Thursday, August 30, 2007

Sex on Television

The first episode of a raunchy new drama(?) series aired this week in Melbourne, and has caused a deal of controversy. The series, Californication, stars David Duchovny of X-Files fame. The first episode - a mere 32 minutes in length - was punctuated by a number of sex scenes which pushed the boundaries for nudity, sexual depiction, and of good/bad taste. It's not often that I find myself agreeing with Andrew Bolt, but I do agree that some serious questions need to be raised about a society in which this can be passed off as entertainment.

The first episode begins with a Duchovny dream sequence, where he is shown entering a Catholic church and encountering a nun... a scene which quickly turns into a sexual encounter which reverts to the bedroom and 'reality' (as opposed to the dream). Bolt asks whether this would be acceptable if the woman were a Muslim - a valid question of our culture. What is it that allows people, in the name of entertainment, to effectively desecrate the central beliefs of a major section of its society? Surely in an admittedly pluralistic society we honour our differences rather than degrade them?

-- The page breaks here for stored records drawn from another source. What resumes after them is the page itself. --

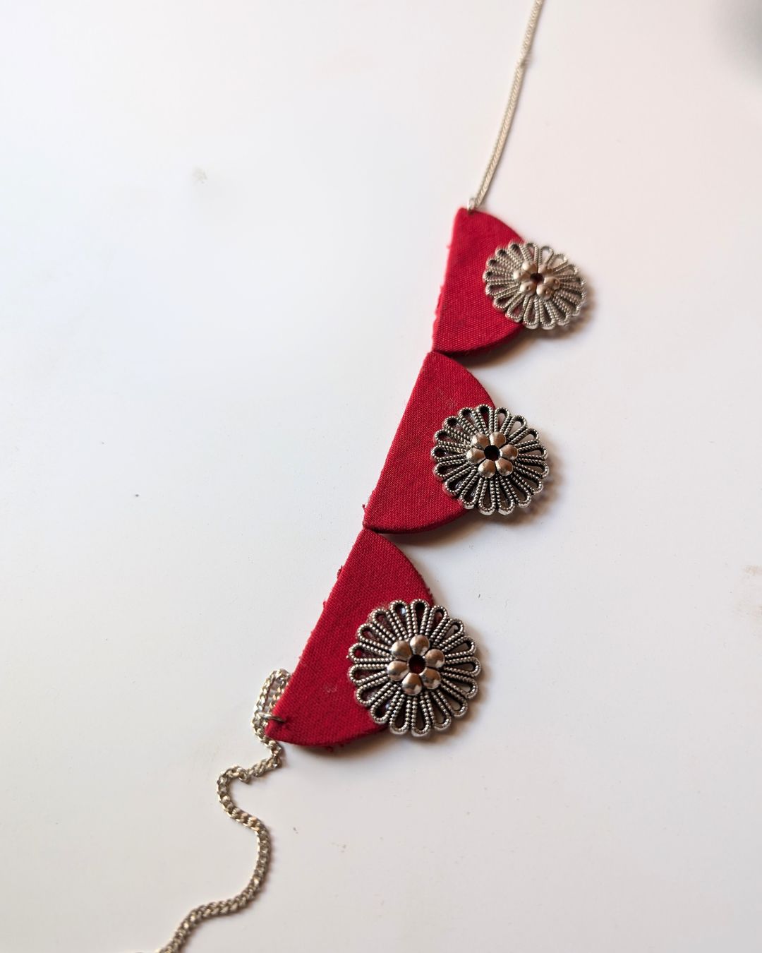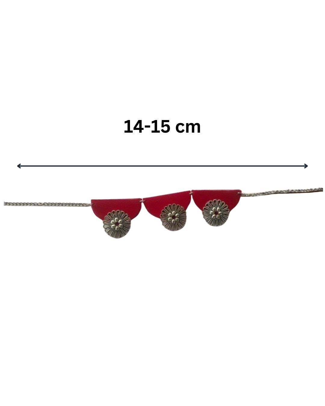 यह स्टेटमेंट पीस किसी भी लुक को पूरा करने का सही तरीका है। चमचमाती चांदी की चेन और जीवंत लाल कपड़े से तैयार किया गया, यह चमकदार चोकर एक बोल्ड, आकर्षक रंग जोड़ता है।
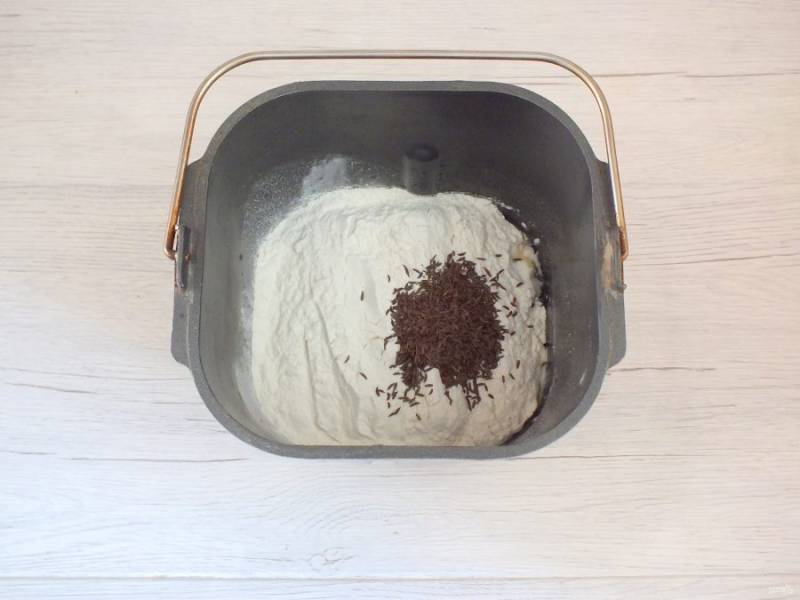 Добавьте муку, тмин. Включите программу "Французский хлеб", время 4 часа, с прогреванием продуктов.
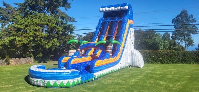 Make your party bigger, faster, and splashier with the 24' Tidal Wave (Dual Lane) from Shaka Slides Maui! This towering, two-lane water slide keeps lines moving and the ALOHA vibes flowing—race friends side-by-side to the splash pool, then run it back for more. 🌴🏁
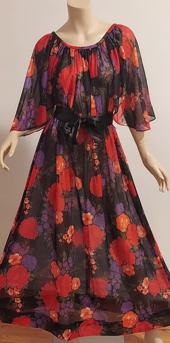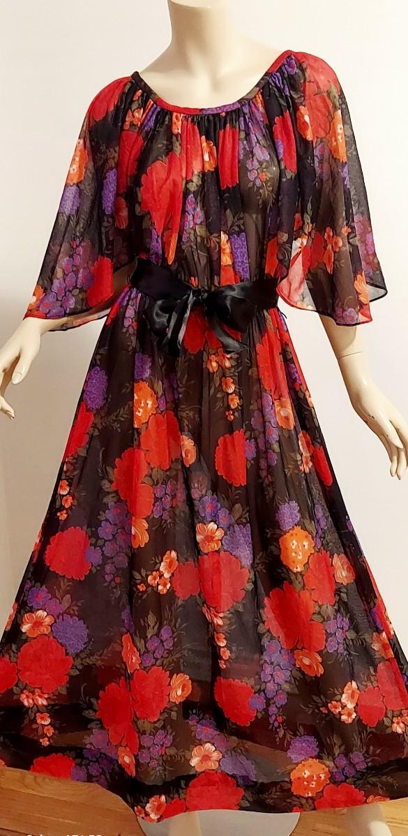 Vtg 60-70s Solo San Francisco Semi Sheer. Country Maxi floralndress Sash Belt. Bat Sleeves

But even more deeply, we need to ask about a society in which sex has been equated with entertainment. Early movies allowed the imagination to play its part. The scene would close with a kiss as the bedroom door closed, then return in the morning. We did not need to witness 'the act', as our imaginations were allowed to take over. Have we lost our collective imagination, such that we have to show everything in order to demonstrate how cultured we are? It is this lack of a collective imagination which imperils our future more than anything else, as we remain locked in present realities unable to imagine alternative ways of being in the face of climate change, environmental concerns, and acts of terrorism. We spend more and more time defending what is as opposed to dreaming of and creating what might be.

And when sex passes as entertainment, we debase the very essence of our humanity, in which the greatest acts of intimacy are mere fodder for the lonely, watching, world. We yearn for deeper relationships, more meaningful community, yet find ourselves spectators of others who are paid for this purpose. The depictions are so far from reality that we are lost. Perhaps this goes some way to explaining the high levels of drug use, relationship, health and marriage breakdown and mental health problems amongst the celebrity caste - whose lives seek to echo the 'realities' they construct on the set. We long for deep intimacy with our fellow human beings, yet settle for a cheap alternative: and a horrible ruse at that.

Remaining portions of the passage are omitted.